Siege and Destruction

Philip Stanhope, 1st Earl of Chesterfield was summoned to Parliament in 1640 and took the side of King Charles I in the threatening conflict. When the English Civil War broke out he and his sons took up arms. Shelford Manor was garrisoned under the command of his son Philip Stanhope.

The house was surrounded on 1 November 1645 by forces led by Colonel John Hutchinson and Colonel-General Sydnam Poyntz. The summons to surrender was rejected by Philip Stanhope.

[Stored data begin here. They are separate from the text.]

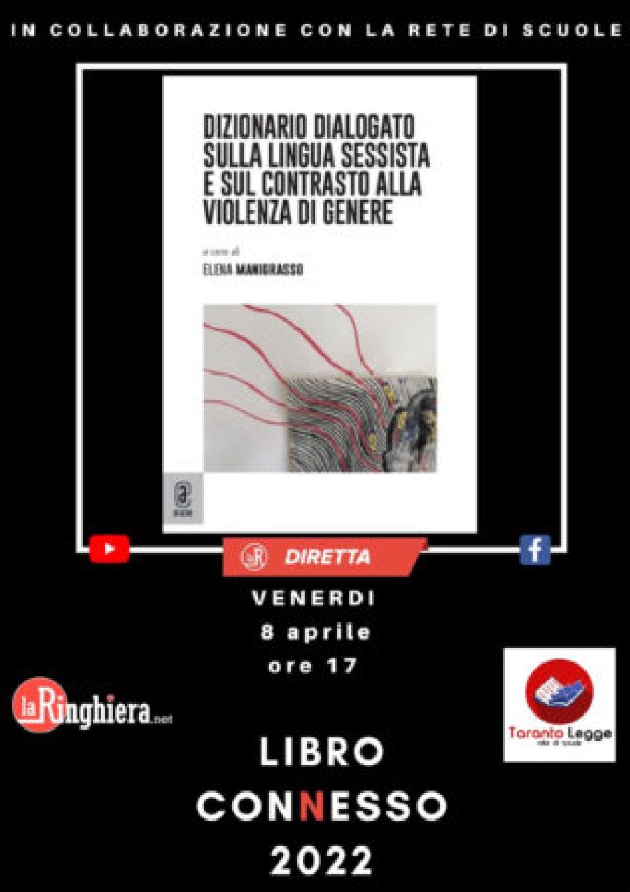 In collaborazione, come sempre, con la Rete di Scuole Taranto Legge (Archita, Aristosseno, Calò, Ferraris/Quinto Ennio, Liside, Maria Pia e Pitagora) il programma prevede il dibattito on line con Elena Manigrasso ed il suo Dizionario dialogato sulla lingua sessista e sul contrasto alla violenza di genere (leggi qui).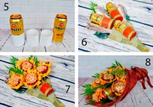 Преди да сглобите букета, трябва да решите как ще изглежда завършеното произведение. Препоръчително е да намерите подобен модел, преди да започнете. Всички компоненти трябва да се поставят на шишовете. След това можете да изберете един от вариантите за сглобяване на букета: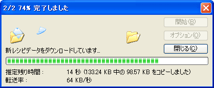 新レシピデータをダウンロード中の画面です。レシピデータの更新もソフト

Lucy Hutchinson the wife of John Hutchinson (Colonel) described some of the tactics of the defenders:

When he came thither, a few of the Shelford soldiers were gotten into the steeple of the church, and from thence so played upon the garrison’s men that they could not quietly take up their quarters. There was a trapdoor that went into the belfry, and they had made it fast, and drew up the ladders and the bell-ropes, and regarded not the Governor’s threatening to have no quarter if they came not down, so that he was forced to send for straw and fire it and smother them out.

The house was stormed on 3 November. Stanhope was killed on 3 November and many defenders were massacred. 140 were taken prisoner. Shelford House was plundered for valuables and burnt to the ground. On the following day, Colonel-General Sydnam Poyntz moved to Wiverton Hall in Nottinghamshire which suffered the same fate.